The Ancient City of Corinth
My trip began in Athens, but since I had been there just the year before, I chose Viking’s excursion to the Corinth Canal and the ancient city of Corinth, an hour and a half from the ship’s dock, instead of a tour of Athens. I had no idea what the Canal of Corinth might be and was amazed by the narrow channel with sheer walls 300 feet high on either side of an 80-foot-wide channel dug through the Isthmus of Corinth.For centuries, even in the time of the ancients, our guide told the group, it had been a dream to connect the two seas to create a shortcut for goods and commerce instead of sailing around the Peloponnese peninsula. For various reasons, it was thwarted, one being that it would bring down the wrath of the gods for disturbing the land. If Zeus had wanted the seas connected, he would have done it.
Another argument was that such meddling would anger Poseidon, whose massive temple stands high above the Aegean Sea about 87 miles away. Finally, thousands of years later, in 1893, the canal was built. However, as ships became larger, it wasn’t useful. Today, it is mostly recreational craft that use it. Still, it is stunning to stand on the bridge that crosses it, looking down on the bright blue thread connecting the Aegean and the Ionian seas.
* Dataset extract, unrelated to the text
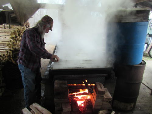 The final Maple Syrup treasure Bob Weaver 2023 Ralph Carpenter lives in the deep wilds of Jakes Fork, off US 33/119 at Letherbark. He is not a back-to-lander, never leaving his deep roots in the Calhoun woods. This week he was sap'in maple syrup, he and his helpers boiling the sap down in wood-heated stirring pans. Currently it takes about 55 gallon of sap to make one gallon of maple syrup. Carpenter is among the last standing "people of place" in the Calhoun woods from his generation, digging deep into the sod to collect its bounty, also having an immense collection of artifacts from years gone by.

Unlike the ruins of Athens, which are part of the modern city, the ruins of once-mighty Corinth, rivaling Athens itself in wealth and power, stand alone, abandoned when the modern city was rebuilt miles away after the earthquake of 1858.
In Alexander’s Footsteps
Thessaloniki is the capital of Macedonia, the Greek province that was home to both Jason of the Golden Fleece and Alexander the Great. The city was founded by one of Alexander’s generals, who named it for his wife, Alexander’s half-sister. In his honor, the city has erected a huge bronze statue of Alexander, sword aloft and astride a massive horse in the lush park that runs along the waterside esplanade. As I stood next to the statue, it was possible to feel the force of the young man who built an empire stretching from Greece to Egypt and deep into Asia Minor.
On the Roman Road to Turkey
One of the highlights of my Greek odyssey was actually in Turkey, walking down the Marble Road of Ephesus, the main throughway of this once Greek and then Roman city. The road, made of marble slabs laid by Romans, is bordered on both sides by remnants of marble columns, statues, mosaic floors, and bits of walls and buildings.
With the Aegean in the far distance, framed by the massive facade of the Celsus Library, the experience of the city was surreal. As we walked, our guide pointed out various highlights, including a bathhouse for men only, an agora, and the remains of the tomb of Arsinoe IV, the half-sister of Queen Cleopatra. He finished by saying that archaeologists have just recently discovered that it was not her tomb after all.
With these stories and others, told amid the ruins, the ancient city became increasingly alive for me. The site is so extensive and so well-preserved that it was easy to imagine the daily life of Ephesus and the ships that sailed from here when the city was a major Mediterranean port of early empires.